All of the listing is to be written out word for word, with the pictures left out.

* [Exercise data]
——————
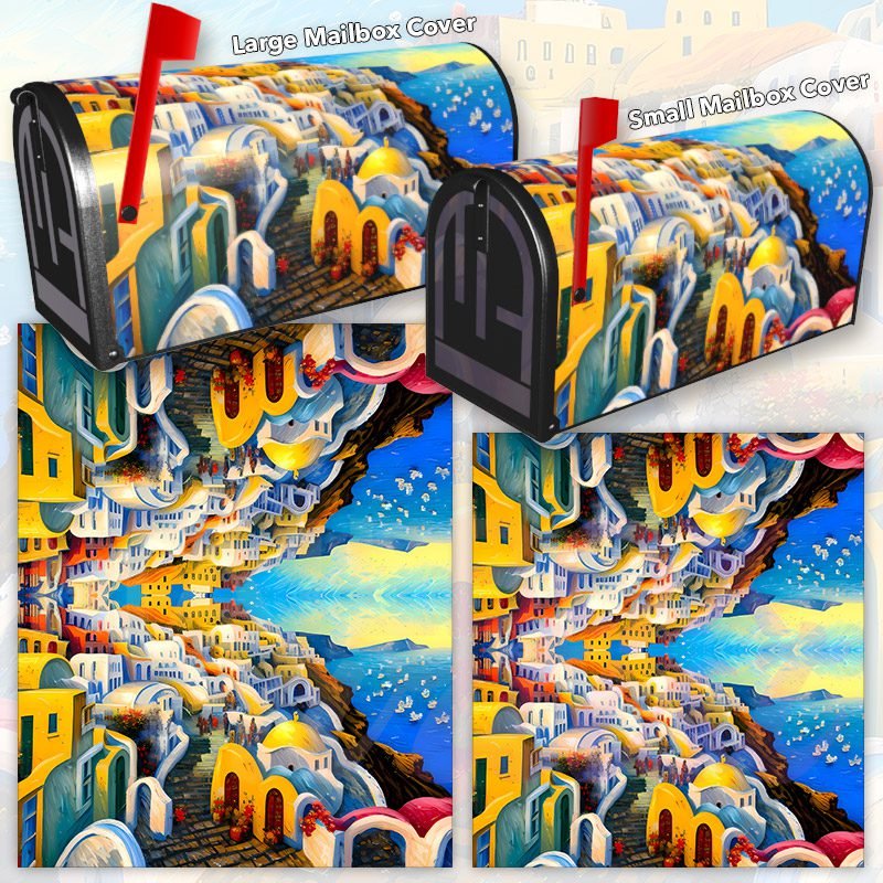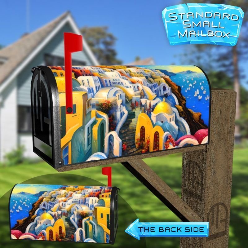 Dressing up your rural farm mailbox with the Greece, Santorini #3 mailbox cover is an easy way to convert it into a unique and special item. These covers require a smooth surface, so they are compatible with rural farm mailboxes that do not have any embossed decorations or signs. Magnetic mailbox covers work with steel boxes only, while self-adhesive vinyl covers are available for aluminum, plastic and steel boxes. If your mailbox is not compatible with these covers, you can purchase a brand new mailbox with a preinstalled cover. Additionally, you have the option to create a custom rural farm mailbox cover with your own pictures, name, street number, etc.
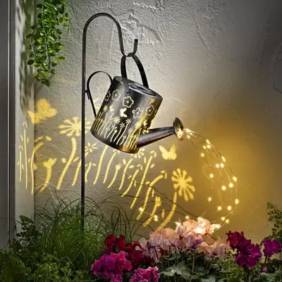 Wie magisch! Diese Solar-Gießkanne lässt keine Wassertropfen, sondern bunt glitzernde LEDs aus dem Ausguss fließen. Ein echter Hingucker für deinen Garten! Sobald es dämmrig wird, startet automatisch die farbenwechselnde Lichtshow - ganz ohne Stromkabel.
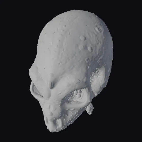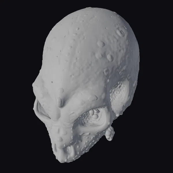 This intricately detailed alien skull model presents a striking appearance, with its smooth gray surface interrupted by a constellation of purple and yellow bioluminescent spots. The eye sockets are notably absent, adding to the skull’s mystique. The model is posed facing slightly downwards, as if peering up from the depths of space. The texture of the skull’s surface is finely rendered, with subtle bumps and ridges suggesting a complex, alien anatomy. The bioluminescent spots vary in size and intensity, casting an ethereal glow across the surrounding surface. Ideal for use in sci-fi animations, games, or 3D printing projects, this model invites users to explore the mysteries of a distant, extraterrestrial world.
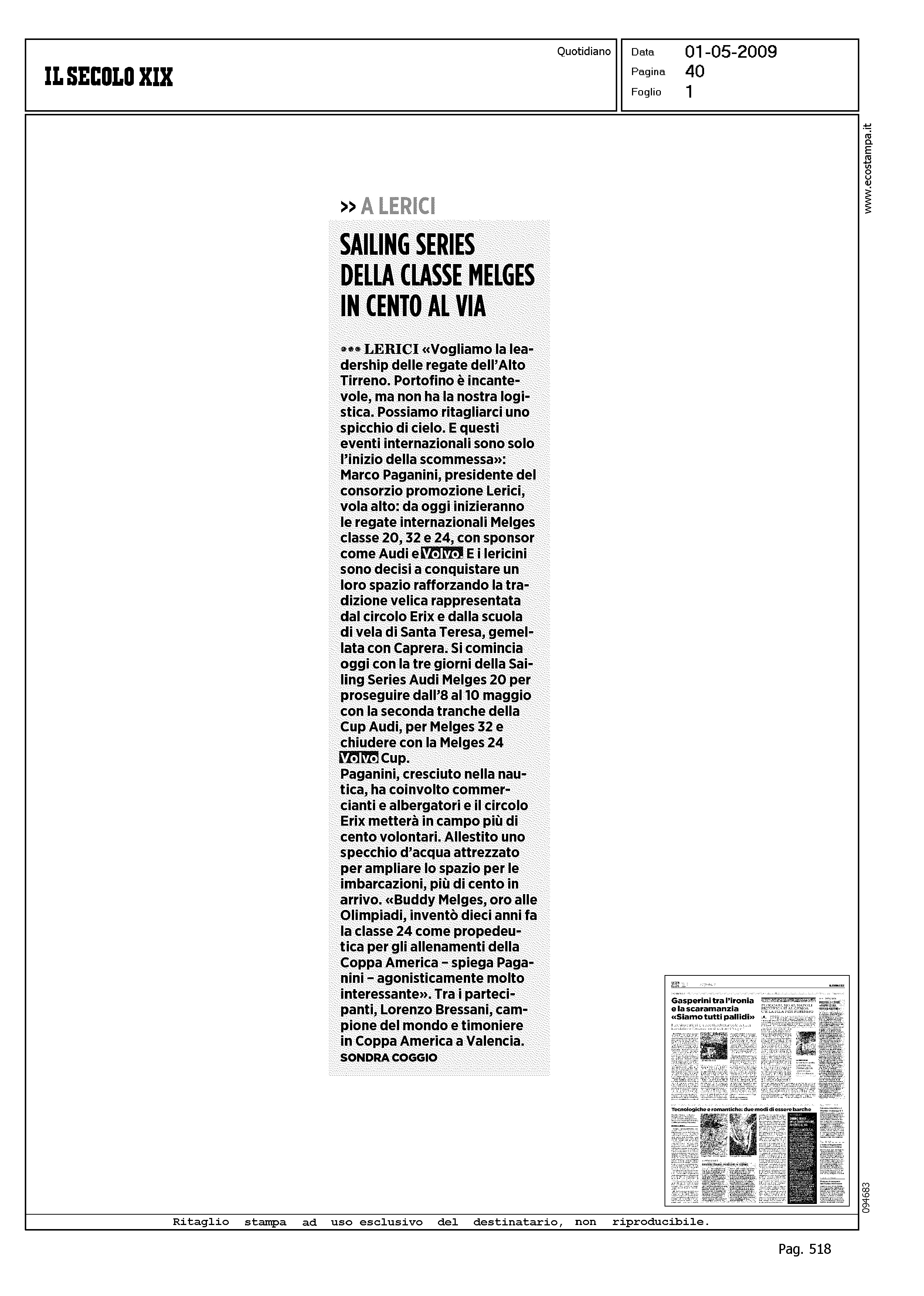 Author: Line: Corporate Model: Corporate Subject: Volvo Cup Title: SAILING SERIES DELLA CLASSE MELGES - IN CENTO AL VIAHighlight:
——————
* [Response box]
 Dressing up your rural farm mailbox with the Greece, Santorini #3 mailbox cover is an easy way to convert it into a unique and special item. These covers require a smooth surface, so they are compatible with rural farm mailboxes that do not have any embossed decorations or signs. Magnetic mailbox covers work with steel boxes only, while self-adhesive vinyl covers are available for aluminum, plastic and steel boxes. If your mailbox is not compatible with these covers, you can purchase a brand new mailbox with a preinstalled cover. Additionally, you have the option to create a custom rural farm mailbox cover with your own pictures, name, street number, etc.
 Wie magisch! Diese Solar-Gießkanne lässt keine Wassertropfen, sondern bunt glitzernde LEDs aus dem Ausguss fließen. Ein echter Hingucker für deinen Garten! Sobald es dämmrig wird, startet automatisch die farbenwechselnde Lichtshow - ganz ohne Stromkabel.
 This intricately detailed alien skull model presents a striking appearance, with its smooth gray surface interrupted by a constellation of purple and yellow bioluminescent spots. The eye sockets are notably absent, adding to the skull’s mystique. The model is posed facing slightly downwards, as if peering up from the depths of space. The texture of the skull’s surface is finely rendered, with subtle bumps and ridges suggesting a complex, alien anatomy. The bioluminescent spots vary in size and intensity, casting an ethereal glow across the surrounding surface. Ideal for use in sci-fi animations, games, or 3D printing projects, this model invites users to explore the mysteries of a distant, extraterrestrial world.
 Author: Line: Corporate Model: Corporate Subject: Volvo Cup Title: SAILING SERIES DELLA CLASSE MELGES - IN CENTO AL VIAHighlight:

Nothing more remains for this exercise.